The notations for ARIMA are:
\[\begin{equation} ARIMA_{(p,d,q)} \tag{7.1} \end{equation}\]
Where:
p = the order of AR
d = the order of differencing (integration) (NOTE: if this is 0, then the model is reduced to an ARMA model)
- if we only have differencing, then we call this a random walk
- this is I, as it is also called Integration order
q = the order of MA, hence if q = 2, then MA for \(t_{-1}\) and \(t_{-2}\) is included in the regression model.
7.1.1 Elaborating on AR models
AR = Autoregressive
AR models are appropriate with stationary data
This makes sense, as if the data is non stationary (where the variance is constant)
This can generalized with AR(p), where p = the order of AR, meaning how many prior periods to \(Y_t\) to be included. Then how do we select an apporpriate number of lags?
- The autocorrelation function (ACF): selection criteria: the ACF should decline to zero exponentially fast
- The partial autocorelation function (PACF)
See the full equation on page 360.
Process:
- Select order of p
- Calculate coefficients for each lagged period
- Forecast using the coefficients
- Evaluate constantly if the coefficients are still applicable
Assumptions
- Data is stationary. If not, then one must deal with that
7.1.2 Elaborating on MA models
MA = Moving average
IMPORTANT NOTE: this has nothing to do with regular Moving Average, as with using past periods
This approach applies use residuals (between actual values and fitted values/or forecasted values) multiplied with a coefficient to forecast the coming period. As with AR, we are able to include x amount of previous periods. Thus, we are able to describe MA with:
\[\begin{equation} Y_t=\mu + \epsilon_t - \omega_1 \epsilon_{t-1} - \omega_2 \epsilon_{t-2} -...- \omega_q \epsilon_{t-q} \tag{7.2} \end{equation}\]
where:
- \(Y_t\) = the forecast for time period t.
- \(\mu\) = just a constant that is applied in the calculation
- \(\epsilon_t\) = the error term as in any other regression
- \(\omega\) = the coefficients that we are to calculate for each period
- NOTICE: these can be interpret as wheights put on each period. But it does NOT need to summarize to 1, it can be above and below
- \(\epsilon_{1-q}\) = The error (residual) for each period
Process:
- Select order of 1
- Calculate coefficients for each lagged period
- Forecast using the coefficients
- Evaluate constantly if the coefficients are still applicable
Then how do we select an apporpriate number of lags to be included?

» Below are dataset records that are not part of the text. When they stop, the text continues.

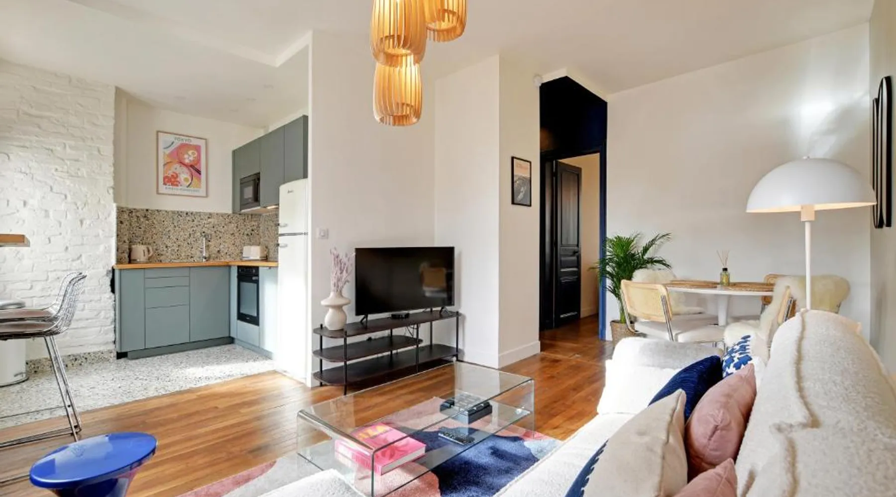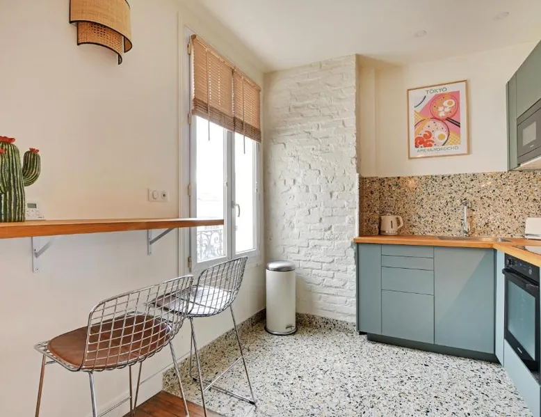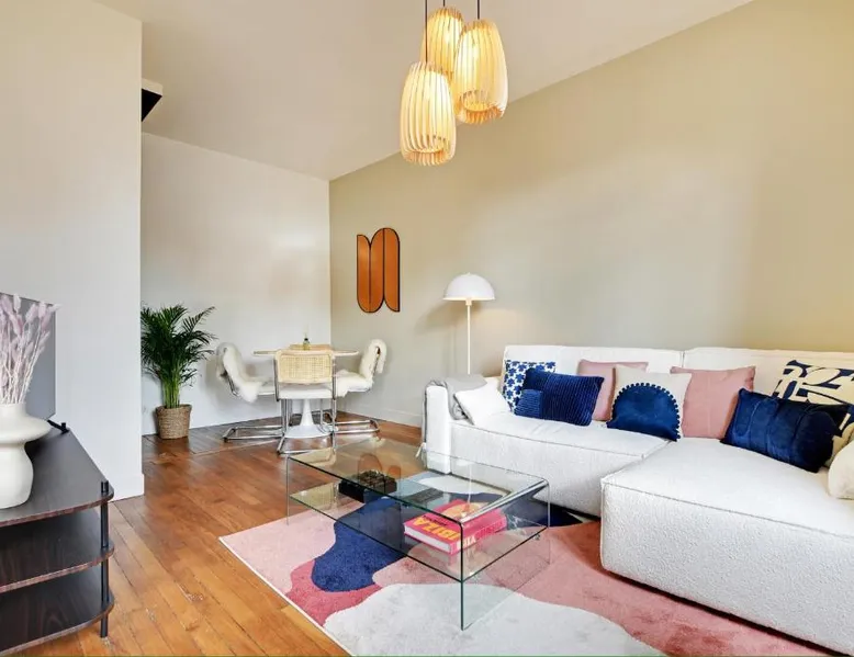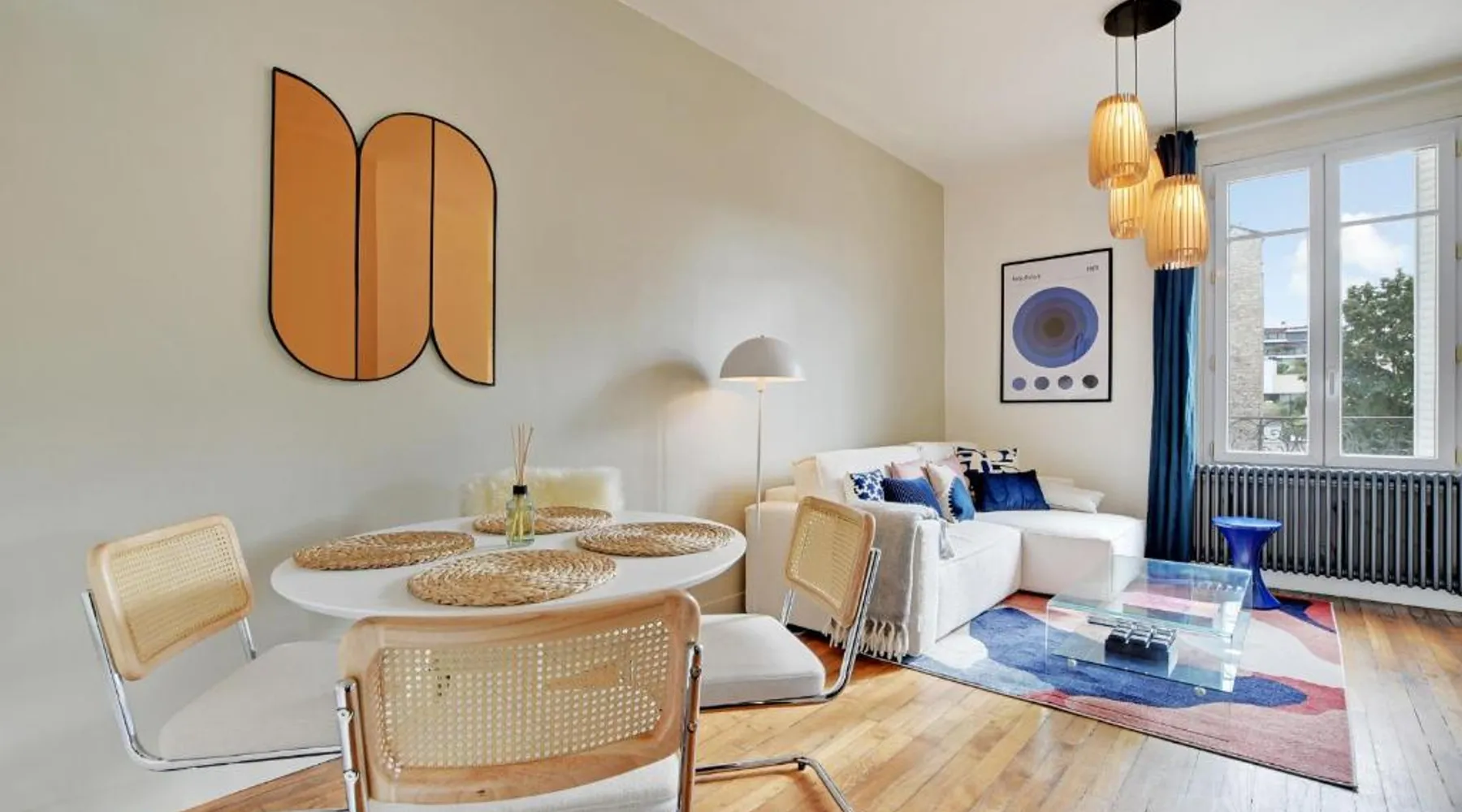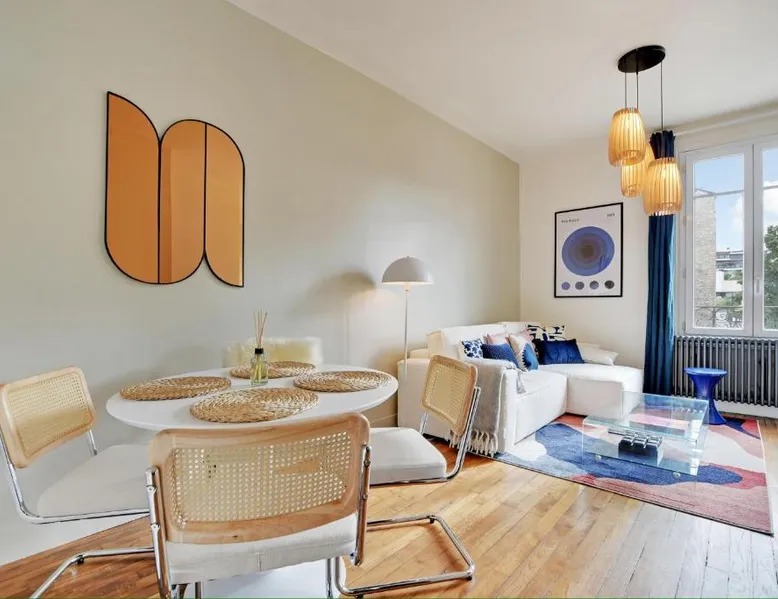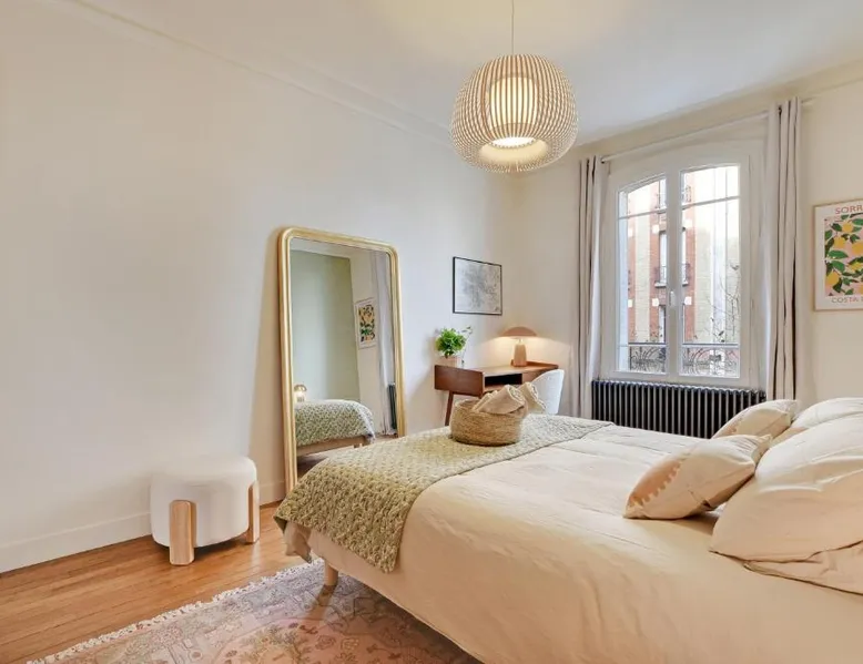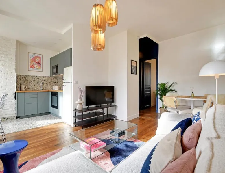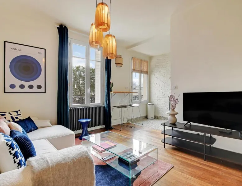 Comfortable Accommodations: Luxury Cocon in Boulogne-Billancourt offers a one-bedroom apartment with a private entrance. The property features family rooms, parquet floors, and a dining area. Modern Amenities: Guests enjoy free WiFi, a kitchenette, washing machine, and streaming services. Additional amenities include a work desk, dishwasher, and microwave. Prime Location: Located 14 mi from Paris Orly Airport, the apartment is a 19-minute walk from Parc des Princes. Nearby attractions include the Eiffel Tower (3.1 mi) and Rodin Museum (5 mi). Guest Satisfaction: Highly rated for its convenient location and room comfort, Luxury Cocon ensures a pleasant stay. Boasting a private entrance, this apartment comes with a kitchen, 1 bedroom and 1 bathroom with a walk-in shower and a hairdryer. Guests can make meals in the kitchen that features a stovetop, a refrigerator, a dishwasher and kitchenware. The apartment features a flat-screen TV with streaming services, a washing machine, a tea and coffee maker, a dining area as well as garden views. The unit has 1 bed.
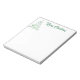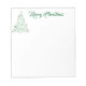 Notepad shown in white with a holiday Christmas tree print in colours of green and with green Merry Christmas text.
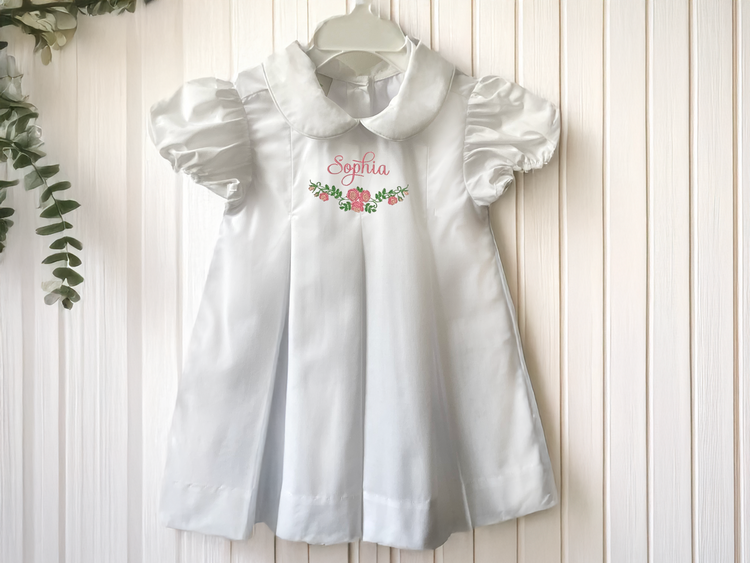 This heirloom-quality white dress features a Peter Pan collar, puff sleeves, and crisp pleats for a timeless silhouette. Embroidered with your child’s name inside a delicate rose design, it’s the perfect outfit for birthdays, Easter celebrations, baptisms, flower girl dresses, and other cherished family occasions.
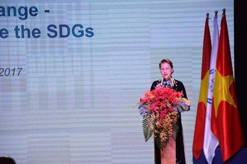 Phát biểu khai mạc hội nghị, Chủ tịch Quốc hội Nguyễn Thị Kim Ngân nhấn mạnh, Việt Nam cũng như hầu hết các quốc gia trong khu vực châu Á -Thái Bình Dương, đặc biệt là những quốc gia ven biển, quốc đảo nhỏ là những nước bị ảnh hưởng nghiêm trọng của biến đổi khí hậu. Theo các kịch bản biến đổi khí hậu của Việt Nam, vào cuối thế kỷ 21, sẽ có khoảng 40% diện tích vùng đồng bằng sông Cửu Long, 11% diện tích vùng đồng bằng sông Hồng và 3% diện tích của các địa phương khác thuộc khu vực ven biển sẽ bị ngập nước, sẽ có khoảng 10-12% dân số Việt Nam bị ảnh hưởng trực tiếp, với tổn thất khoảng 10% GDP. Đặc biệt, Thành phố Hồ Chí Minh là địa phương sẽ bị ngập trên 20% diện tích của thành phố.
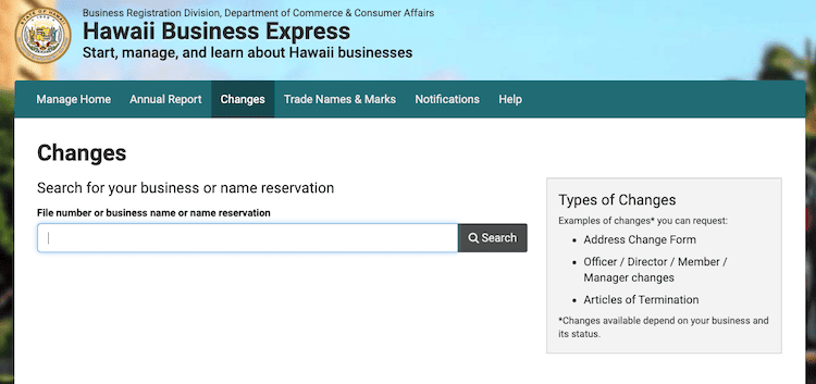 To avoid that, look up your desired Hawaii LLC name ahead of time using the state’s business entity search.

- The autocorrelation function (ACF): selection criteria: the ACF should decline to zero exponentially fast
- The partial autocorelation function (PACF)
7.1.3 Elaborating on Integration models
This corresponds with the I in the ARIMA.
If we have a model that only contain I and not AR and MA, then we have a random walk. Meaning that we are left with:
\[\begin{equation} y_t=y_{t-1}+\ \epsilon_t \tag{7.3} \end{equation}\]
We see that \(y_t\) can be defined by the previous observation, hence \(y_{t-1}\) + some randomness, which is explained by the \(e_t\), for period t.
Naturally we are able to have a drift and a trend in the random walk, that would generate the following:
RW with a drift:
\[\begin{equation} y_t= \beta_0+y_{t-1}+\ \epsilon_t \tag{7.4} \end{equation}\]
Hence we see that the drift is added with a constant, that can be compared with the interception in a normal regression. Hence, if \(y_{t-1}\) is 0 and the error is 0, then you will have the constant, which will always be there.
And the RW with a drift and a trend:
\[\begin{equation} y_t= \beta_0+\beta_1t+y_{t-1}+\ \epsilon_t \tag{7.5} \end{equation}\]
Hence we add a coefficient that as multiplied with the time period.